To me, this bug is most similar to the Timsort bug back in 2015 [1].

Timsort is an ingenious hybrid sorting algorithm originated from CPython and many implementations including OpenJDK adopted it mostly via a source-by-source translation. Timsort particularly maintains a stack of sorted runs, and due to the construction there is a small enough finite limit in the maximum possible stack size. However the original CPython implementation didn't exactly match what was proven, so there were rare cases where stack overflow could happen. So this was a serious security bug in CPython, but wasn't in OpenJDK because Java instead threw an exception in that case.

Similarly, this WebP bug occurred because the largest table size was formally proven but it didn't match what was fed to the source code. This kind of bugs is not only hard to verify but also hard to review, because of course there is a proof and the source code seems to match the proof, so it should be okay! This bug suggests strong needs for approachable formal verification, including the use of memory-safe languages (type systems can be regarded as a weak form of formal verification), not human reviews.

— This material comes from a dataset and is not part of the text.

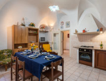 "Le Antiche Volte (SLR215)", casa adosada 5 habitaciones 80 m2 en 3 plantas. Con mobiliario funcional: cocina-comedor (horno pequeño, horno, 4 fuegos, congelador, cafetera eléctrica) con mesa de comedor, TV satélite. Baño/WC. Planta superior: 1 dorm. con 1 cama doble (140 cm). Salida a la terraza. 2 dorm., cada habitación con 1 cama (80 cm). Planta superior 2: 1 dorm. con 1 cama de matrimonio (130 cm), ducha/WC. Salida a la terraza. Calefacción de gas. Terraza. Muebles de terraza. Vista bonita al paisaje, a la localidad y al mar. El alojamiento dispone de: lavadora, trona, cuna. CITRA: 008021-LT-0002- Ubicación

[1] http://envisage-project.eu/wp-content/uploads/2015/02/sortin...

Specifically, since performance is crucial for this type of work, it should be written in WUFFS. WUFFS doesn't emit bounds checks (as Java does and as Rust would where it's unclear why something should be in bounds at runtime) it just rejects programs where it can't see why the indexes are in-bounds.

https://github.com/google/wuffs

You can explicitly write the same checks and meet this requirement, but chances are since you believe you're producing a high performance piece of software which doesn't need checks you'll instead be pulled up by the fact the WUFFS tooling won't accept your code and discover you got it wrong.

This is weaker than full blown formal verification, but not for the purpose we care about in program safety, thus a big improvement on humans writing LGTM.